Vers 20 heures le Dewoitine percutait la montagne au pic de Cinq Croix, à 2400 mètres d’altitude. Ce sont des fermiers, située entre Corsavy et les mines de Batère, qui ont donné l’alerte. Les premiers secours partent en pleine nuit, mais doivent rebrousser chemin. C’est à partir de minuit que des volontaires montent jusqu’à Batère et forment une première colonne qui partira à 8 heures du matin. Ils sont les premiers à arriver sur les lieux avant les gendarmes. L’Indépendant du 25 mars donne des détails sur l’état de l’appareil, des débris qu’il en reste: Nous trouvons le premier débris au bas d’un couloir en très forte pente ; les débris sont répandus sur 150 mètres […] plus haut […] gît le gros de l’appareil […].Toujours plus haut, il a fallu remonter un couloir en très forte pente, on n’a rien retrouvé (le journaliste parle du corps des victimes) car le terrain est accidenté ; les débris de l’avion sont considérables […]. Il appert que l’avion touchant d’une aile la montagne, a virevolté, puis s’est disloqué, rebondissant de roche en roche jusqu’au fond du cirque de montagne. Les moteurs ont été réduits en miettes, les réservoir à essence ont éclaté et se sont enflammés.

L’Indépendant du 24 mars souligne également ce détail navrant : l’appareil a heurté la montagne à une dizaine de mètres de la cime, c’est-à-dire qu’il n’avait que dix mètres à faire pour redresser et franchir la montagne.

 

L’inhumation des victimes

Une dernière image celle de l’enveloppe d’une lettre qui était dans l’avion et qui a été tout de même convoyée à bon port.

La recherche des corps des victimes se poursuit dans des conditions météorologiques difficiles, la neige ne cessant pas de tomber. On identifie les corps des trois membres d’équipage qui sont descendus, dans des sacs jusqu’aux mines de Batère, puis ceux des cinq passagers.

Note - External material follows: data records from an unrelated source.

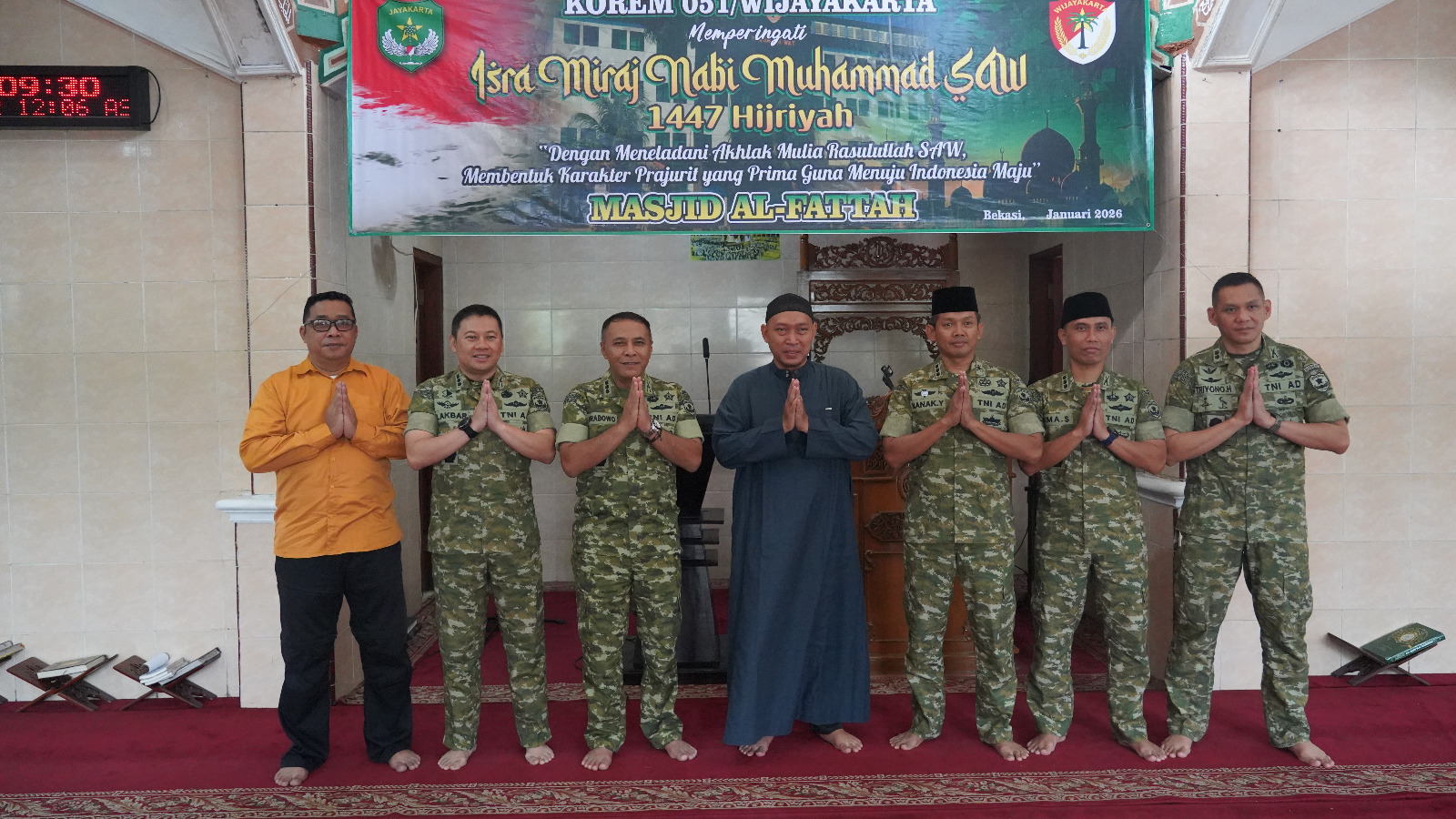 Cikarang– Mengusung tema “Dengan Meneladani Akhlak Mulia Rasulullah SAW Membentuk Karakter Prajurit yang Prima Guna Menuju Indonesia Maju”, Korem 051/ Wijayakarta melaksanakan peringatan Isra Mi’raj Nabi Muhammad SAW 1447 H/2026 M di Masjid Al-Fattah Korem 051/ Wijayakarta. Jum’at (23/1/2026).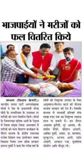 आज दिनांक 18 9 2021 को सम्भल जिला अस्पताल में प्रधान मंत्री नरेंद्र मोदी जी के जन्मदिन पर भाजपा क्षेत्रीय उपाध्यक्ष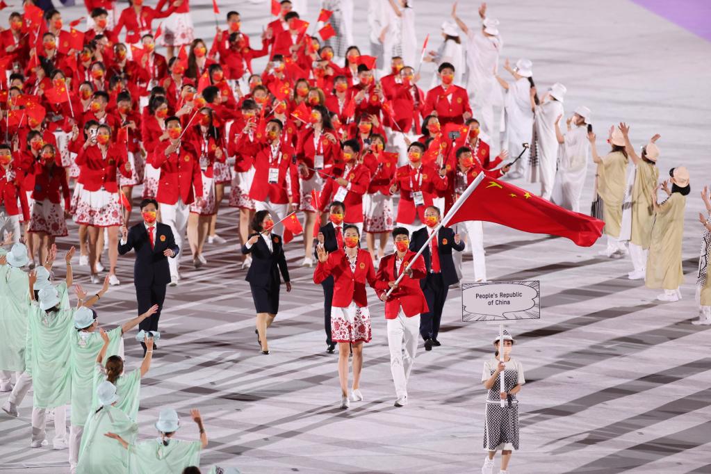 7月23日,中国体育代表团在东京奥运会开幕式上入场。(新华社记者 郑焕松 摄)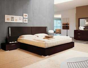 - При оформлении спальни, венге будет способствовать созданию некой строгости, характерной для стиля минимализм. Поэтому этот оттенок не подойдет любителям будуарного интерьера и многообразного декора.

Les deux derniers corps sont difficilement redescendus le samedi 26 mars. A 15 heures, en présence du général Martinot-Lagarde, inspecteur général de l’Aéronautique, représentant le ministre de l’Air, Guy La Chambre, a lieu la mise en bière des huit victimes de la catastrophe et les cercueils sont acheminés vers l’école communale de Corsavy où une chapelle ardente est dressée. Le dimanche 27 mars 1938 a lieu, à Perpignan, une première cérémonie officielle, en présence du général Martinot-Lagarde, représentant le ministre, du préfet Raoul Didkowski et de nombreuses personnalités locales accompagnées de responsables de structures liées à l’Aviation. « Mais le drame n’était pas clos. À la fin de l’hiver, à la fonte des neiges, des restes de corps furent découverts par Joseph Poch. Confronté au problème, le maire de Corsavy, de manière sage et discrète, les fit porter en terre, au cimetière du village. Longtemps ceux-ci ont été honorés par des personnes du village venant fleurir la simple tombe… ».